→ INSTRUCTIONS FOR THE TASK: Restate the entries word for word and skip every image.

[Source data]
——

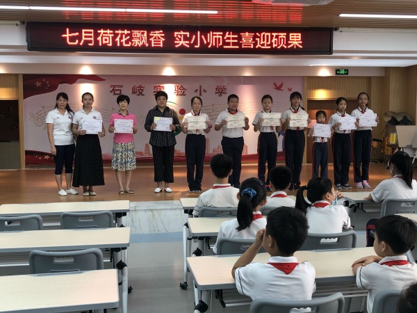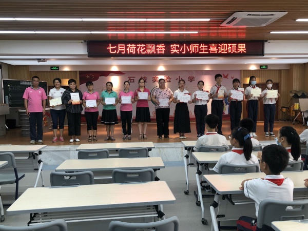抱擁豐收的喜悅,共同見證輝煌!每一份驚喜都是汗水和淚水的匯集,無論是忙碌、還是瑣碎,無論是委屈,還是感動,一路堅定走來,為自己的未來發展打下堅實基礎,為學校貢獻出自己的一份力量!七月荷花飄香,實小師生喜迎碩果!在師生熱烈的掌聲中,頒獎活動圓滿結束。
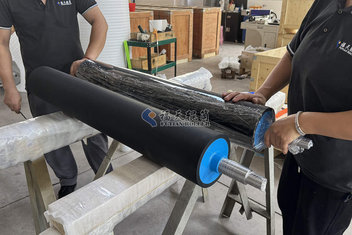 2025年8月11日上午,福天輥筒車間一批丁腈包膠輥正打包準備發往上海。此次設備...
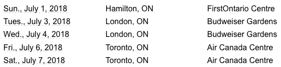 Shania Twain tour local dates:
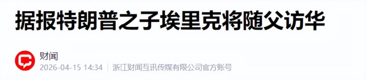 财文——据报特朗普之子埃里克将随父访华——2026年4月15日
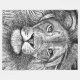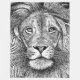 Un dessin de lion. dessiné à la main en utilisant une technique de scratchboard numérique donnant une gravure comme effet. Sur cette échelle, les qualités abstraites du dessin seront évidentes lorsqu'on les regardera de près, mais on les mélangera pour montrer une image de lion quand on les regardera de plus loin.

——

→ TASK RESULT:
抱擁豐收的喜悅,共同見證輝煌!每一份驚喜都是汗水和淚水的匯集,無論是忙碌、還是瑣碎,無論是委屈,還是感動,一路堅定走來,為自己的未來發展打下堅實基礎,為學校貢獻出自己的一份力量!七月荷花飄香,實小師生喜迎碩果!在師生熱烈的掌聲中,頒獎活動圓滿結束。
 2025年8月11日上午,福天輥筒車間一批丁腈包膠輥正打包準備發往上海。此次設備...
 Shania Twain tour local dates:
 财文——据报特朗普之子埃里克将随父访华——2026年4月15日
 Un dessin de lion. dessiné à la main en utilisant une technique de scratchboard numérique donnant une gravure comme effet. Sur cette échelle, les qualités abstraites du dessin seront évidentes lorsqu'on les regardera de près, mais on les mélangera pour montrer une image de lion quand on les regardera de plus loin.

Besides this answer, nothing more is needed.